Population (June 2025)
- • Total: 21,810
- • Density: 1,345/km^{2} (3,485/sq mi)
- Airports: Tauranga Airport

= Mount Maunganui =

Suburb of Tauranga, New Zealand

Mount Maunganui (/ˌmɒŋəˈnuːi/) is a major residential, commercial and industrial suburb of Tauranga located on a peninsula to the north-east of Tauranga's city centre. It was an independent town from Tauranga until the completion of the Tauranga Harbour Bridge in 1988, which connects Mount Maunganui to Tauranga's central business district.

Mount Maunganui is also the name of the large lava dome which was formed by the upwelling of rhyolite lava about two to three million years ago. It is officially known by its Māori name Mauao, but is colloquially known in New Zealand simply as The Mount.

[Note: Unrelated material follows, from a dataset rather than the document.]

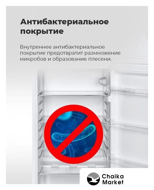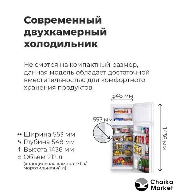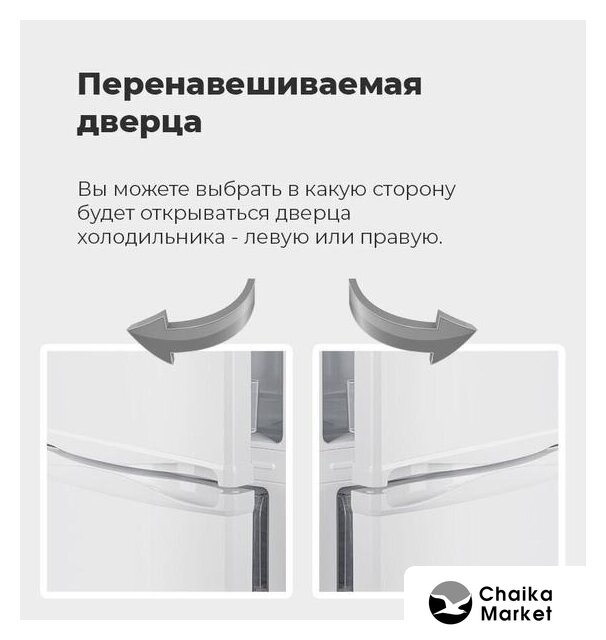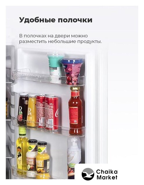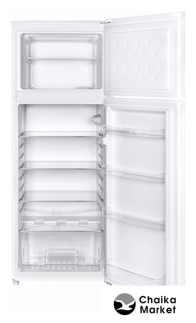 отдельностоящий, без No Frost, электронное управление, класс A+, полезный объём: 301 л (182 + 119 л), перенавешиваемые двери, лоток для яиц, 59.5x62.7x176.8 см, белый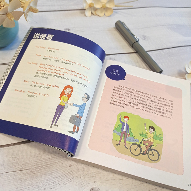 1.课文简单有趣。每课课文以对话形式(“说说看”)出现,记录不同场景下所需使用的典型语言表达。句型简练,表达精准,配有对应汉语译文,双语对照。

The New Zealand Ministry for Culture and Heritage gives a translation of "large mountain" for Maunganui.

==Geography==
Mount Maunganui is located atop a sand bar that connects Mauao to the mainland, a geographical formation known as a tombolo. Because of this formation, the residents of Mount Maunganui have both a harbour beach (Pilot Bay) and an ocean beach with great surf, within a short distance. At the base of Mauao, the distance between the harbour and ocean side is a couple of blocks.

The ocean beach has Mauao or Mount Maunganui at its western end, and a man made land bridge connecting Moturiki Island at its eastern end.

Adjacent to Mount Maunganui on its south-eastern edge (from Sandhurst Drive onwards) is Papamoa Beach, another very large suburb of Tauranga. Papamoa Beach has a slightly larger population than Mount Maunganui, but doesn't have as many businesses as Mount Maunganui. Both suburbs are distinctly geographically separate from the rest of Tauranga by the Tauranga Harbour; two bridges (SH2 and SH29) and the winding Welcome Bay Road are the only connections by land to the central business district.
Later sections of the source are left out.